At Bloomberg Businessweek, Christina Larson describes a paper from the latest, China-themed issue of The Lancet medical journal, which shows that China’s health problems increasingly resemble those of developed countries.
Over the past two decades, China’s population has grown richer, older, more urban—and fatter. From 1990 to 2010, public health authorities in China made significant progress in stemming several of the medical challenges common in poor countries, including reducing childhood mortality and rates of infectious diseases.

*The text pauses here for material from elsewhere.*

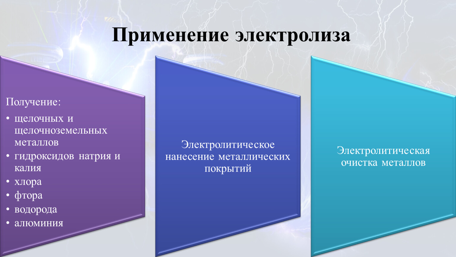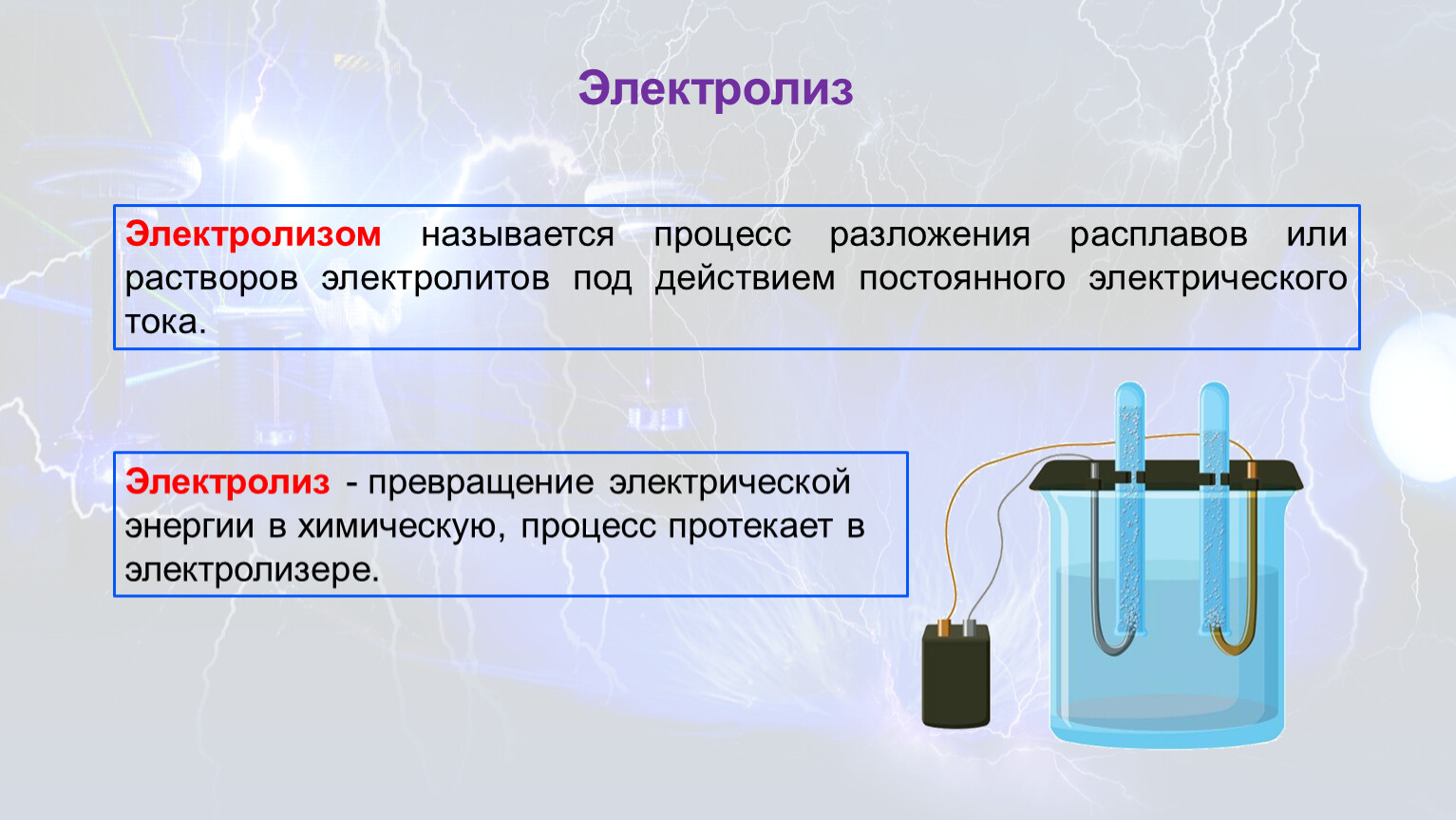 Электролиз - превращение электрической энергии в химическую, процесс протекает в электролизере.

However, China’s population now faces additional health pitfalls exacerbated by urban smog, more sedentary lifestyles, and the rise of KFC (YUM) and cheap fast food.
[…] At the same time that young children in China are generally healthier—with fewer premature deaths from neonatal causes, diarrhea, pneumonia, and infectious diseases—new ailments are increasingly befalling the country’s middle-aged and elderly populations. On the rise: premature deaths from stroke, heart disease, traffic injuries, lung cancer, liver cancer, colorectal cancer, and diabetes. Several—but not all—of these conditions are related to urban living, changing diets and lifestyles, smoking, and pollution exposure. [Source]
Shanghai Daily reports that one person is now diagnosed with cancer every ten seconds in China (compared with one every twenty in the U.S.), a rate expected to rise by a third by 2020.